Я хорошо поела селёдочки с картошечкой, а потом замучилась жаждой. Люда, жена Юры, достала из холодильника прокрученный на мясорубке лимон с сахаром. Она устала подавать мне этот морс. Я пила и пила, а жажда не проходила. Это был кошмар, все мне сочувствовали. А мы с тобой никак не могли напиться. Это с тех пор я никогда больше не ем селёдку с жареной картошкой. Представляешь, что запомнилось мне от этих хождений по гостям? Твой папаша вёл с Юрой Марущаком умные беседы о делах комсомола и оперотряда, а мы с тобой хлестали лимонный морс.

В книжке-календаре много записей, тебе не интересных. Но приведу ещё немного, чтобы ты не думал, что мешал мне хорошо учиться.

«15 марта, вторник. Работа в читалке над докладом и рефератом по политэку».

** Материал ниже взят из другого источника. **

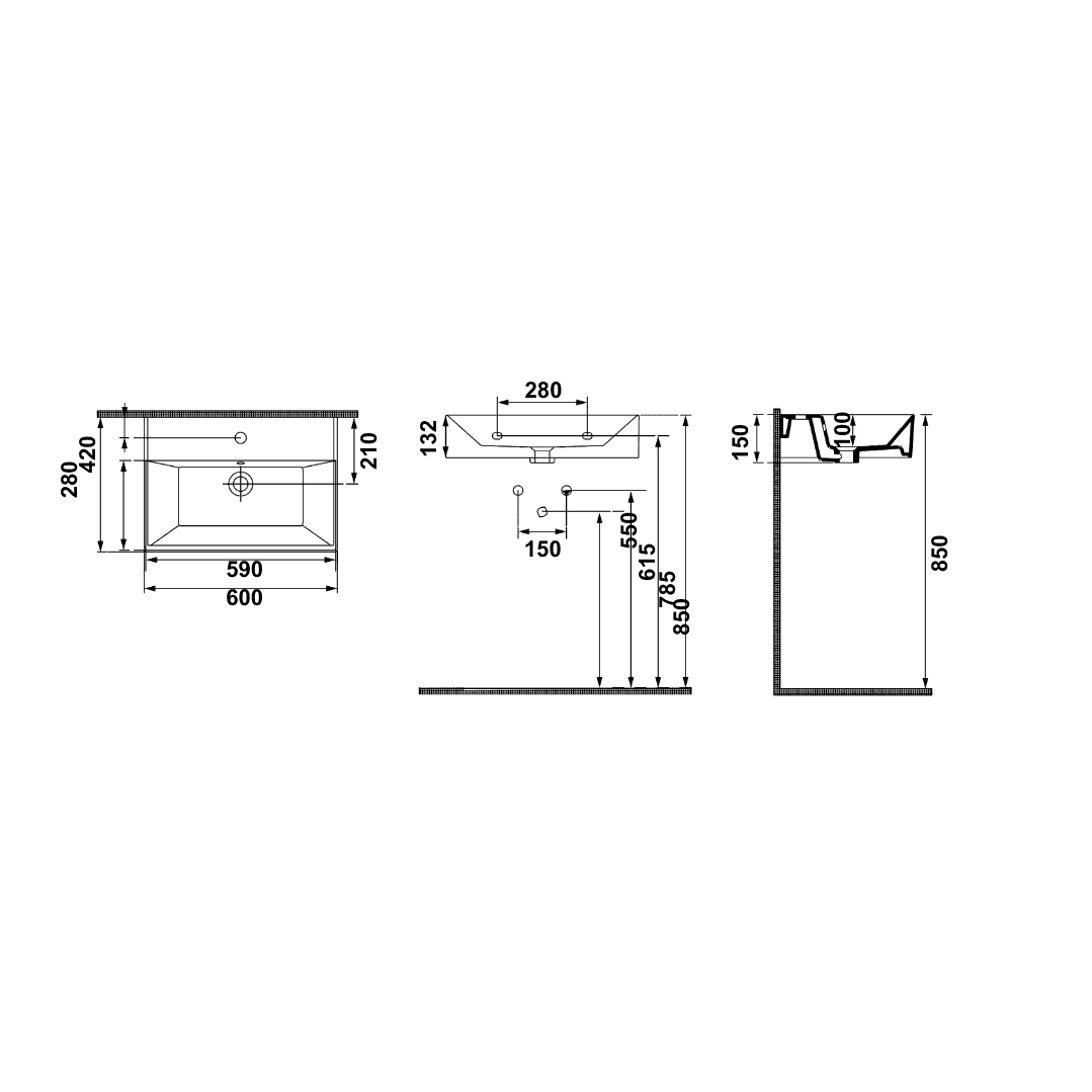 Hafele METROLINE 60 Lavabo,mat vizon,620x470mm

«16 марта, среда. Политэк – реферат, тема 9. Доклад на вторую тему. «Чистый доход и рентабельность» – отлично».

Вот, сынок, откуда у тебя взялось пристрастие к экономике, ты ещё тогда, наверное, «решил» поступать на экономфак.

«17 марта, четверг. Сдать анализ до 10 ч.
№ 399 – дет. ясли, ул. Б. Филёвская, 23-а. М «Багратионовская» в 13-30.
Занятия с курсовой работой».

Хочу тебе пояснить, что по «военке» мы были медсёстрами, и надо было куда-нибудь ездить: то в больницу, то в анатомический музей, а тогда  –  в детские ясли, чтобы нам показали, как ухаживать за малышами. Я тебе скажу, что совсем недавно вспоминала тот день, и не надеялась вспомнить ни адреса, ни номера яслей.  А захотелось почему-то узнать о мальчике, которого нам тогда показывали. Его звали Габор. Он чуть-чуть старше тебя, сынок. Медсестра вынула его из кроватки, где он лежал и плакал.

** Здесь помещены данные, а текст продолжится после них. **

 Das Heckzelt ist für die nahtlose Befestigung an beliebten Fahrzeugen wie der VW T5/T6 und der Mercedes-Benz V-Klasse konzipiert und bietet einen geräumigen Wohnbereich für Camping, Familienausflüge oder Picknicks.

– Иди, Габор, будем тебя лечить, –  сказала она. – У мальчика воспаление лёгких. Его мама тоже студентка, русская, и папа студент – венгр.

Медсестра снимала с малыша распашонку и всё говорила и говорила:

– Иди, красавец. Никому ты не нужен: ни маме, ни папе. А вырастешь, будут девки по тебе умирать, смотри, какая у тебя ямочка на подбородке. Это точно все девчонки будут твои…

Она раздела его и стала показывать, как правильно ставить горчичники такому маленькому. Габор плакал, медсестра не обращала на его слёзы никакого внимания, смазала вазелиновым маслом его спинку, положила пергамент, и только потом горчичники, поясняя нам, что так ему в самый раз – жечь не будет; затем быстро его запеленала и положила назад в кроватку.

Видно, горчичники всё же стали припекать его спинку, он залился плачем, но некому было его пожалеть, некому было приголубить. У меня душа расставалась с телом – было его жалко, и я не могла сочувствовать его матери, русской студентке, которую бросил венгр, подарив ей такого сына, а она отдала его чужим людям.  Недавно смотрела передачу «Жди меня», захотела рассказать эту историю, чтобы узнать, что же дальше было с Габором, кто его взял, вырос ли он, кем стал. Теперь, когда так удачно обнаружились некоторые данные и даже дата, то можно отослать запрос. Я хорошо помню, что Лена Васильева из группы РИО (редакционно-издательского отделения) точно там была, и, наверное, тоже помнит этот случай из практики медицинских сестёр ГО (гражданской обороны).  Думаю, сынок, тебе ясно, что такое ГО, у тебя в ВГУ тоже была «военка».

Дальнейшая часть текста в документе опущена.